Western sandpipers are among the many shorebirds that visit the Copper River Delta every spring. Kristen, Lisa, and I encountered thousands of these tiny birds on the salty mud of Hartney Bay near Cordova. The sandpipers, smaller than a tennis ball, skittered along the flats like ants, injecting their bills into the soft mud. Now and then, the birds took wing by the hundreds, flying around the bay and veering in sync like schools of baitfish.
Arriving in the delta from wintering grounds as far south as Peru, western sandpipers may have fasted for days as they migrated north and west before reaching the rich tidal zones of the Copper River Delta. According to the Birder's Handbook, the delta is one of only five sites in North America that support more than one million shorebirds each year. The others are Washington's Gray's Harbor, eastern Canada's Bay of Fundy, Kansas' Cheyenne Bottoms, and the beaches of Delaware Bay in New Jersey and Delaware.
We couldn't count the multitudes of sandpipers we saw at Hartney Bay, but Brina Kessel and the late Pete Isleib detailed what they saw on the delta in Birds of the North Gulf Coast-Prince William Sound Region, Alaska:
"Densities of more than 250,000 shorebirds per square mile fed on the tidal flats of the Copper River Delta in early May, 1964."
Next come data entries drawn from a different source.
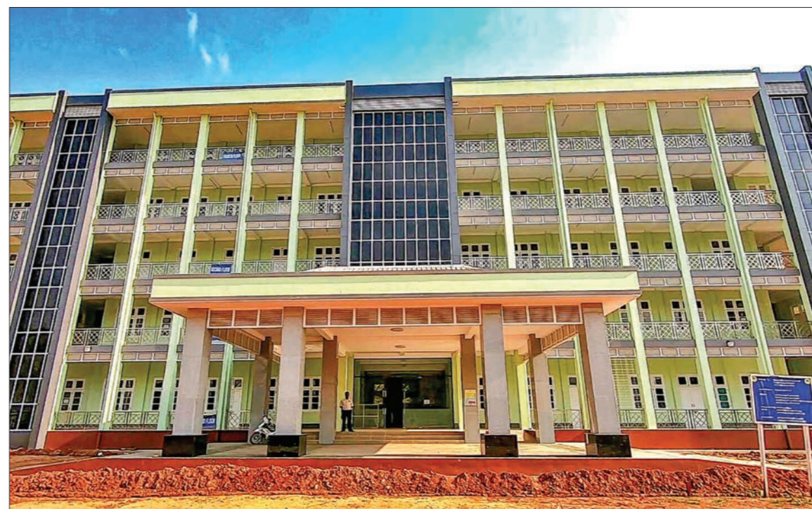
The five-storey building of the Magway General Hospital.

The road department is implementing the 2,187-mile road project with the involvement of
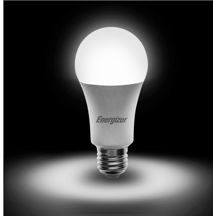
LED bulb (above)
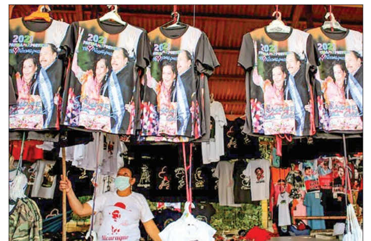
A vendor arranges T-shirts with the image of Nicaragua's President Daniel Ortega and his wife, Vice-President Rosario Murillo, in Managua on 10 January when Ortega starts his fourth term.

In Washington, the US Treasury placed sanctions on six regime officials, including two generals, the defence minister, the head of the Supreme Electoral Council and officials of the telecommunications regulator, who allegedly ran a social media troll farm to help Ortega.—AFP ■
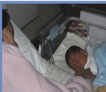
Hospital clip-on cot
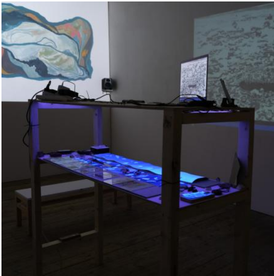
Reading Slippages, Writing Interstices, 2023
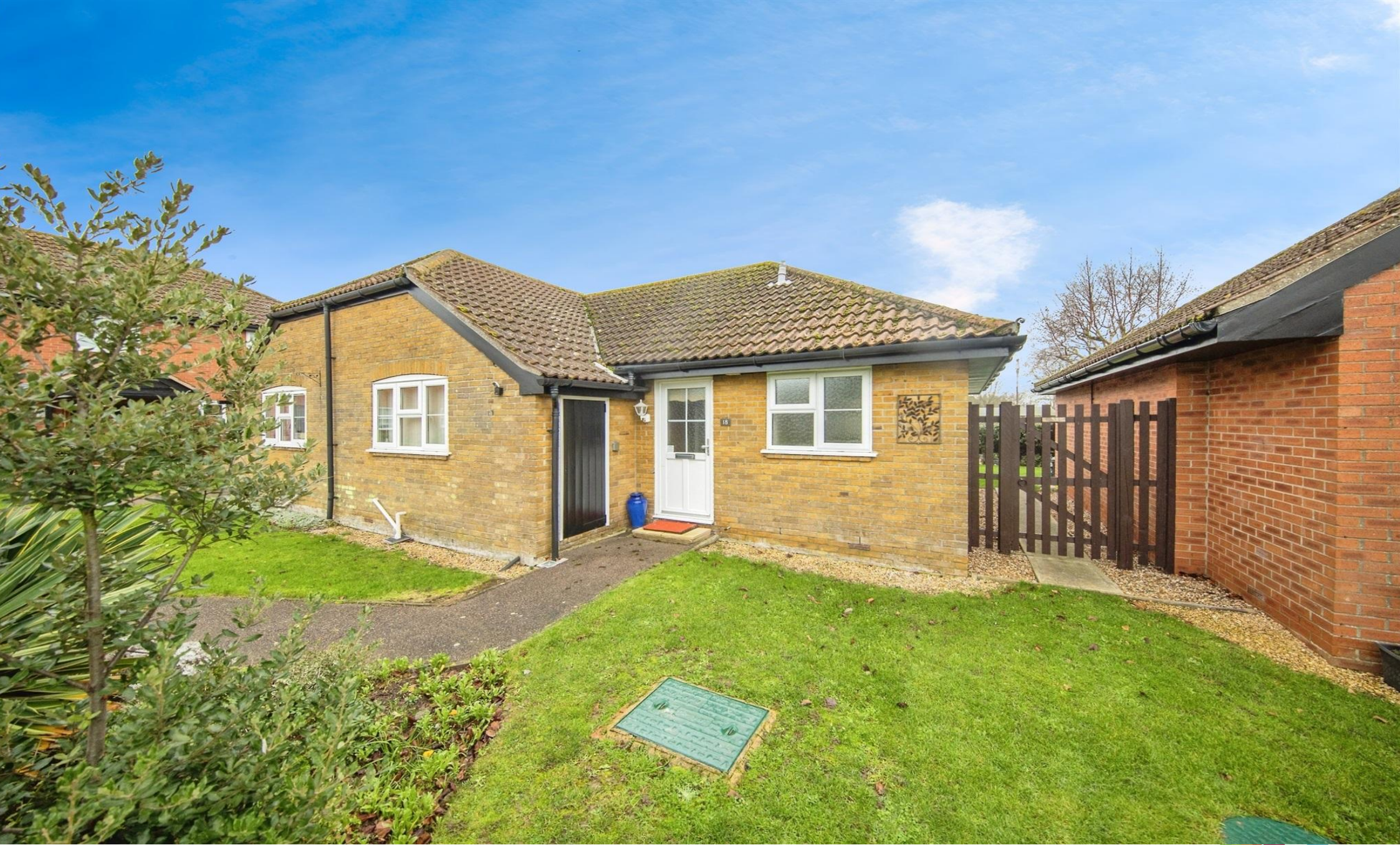
Rosery Mews, Great Holland Frinton-On-Sea CO13 0SG

We identified 47 different species of birds during our 24 hours of searching, and we missed many more. At the Powder House, as judges for the Great Cordova Birding Challenge counted the results from the four local teams, Kristen, Lisa and I sunk a bit in our chairs: the Purple Sandpipers, the winning team of Craig Reiser and Dedrick Benz, counted 81 species. Two other teams counted 79 and 78 species. In the end, each team member's $20 entry fee went to the Copper River Delta Shorebird Festival.
We left the Powder House in the dark, and then drove to a Forest Service cabin to end our marathon day of birding. As we fell into a deep sleep, thousands of migrants stirred in the woods and flats surrounding us.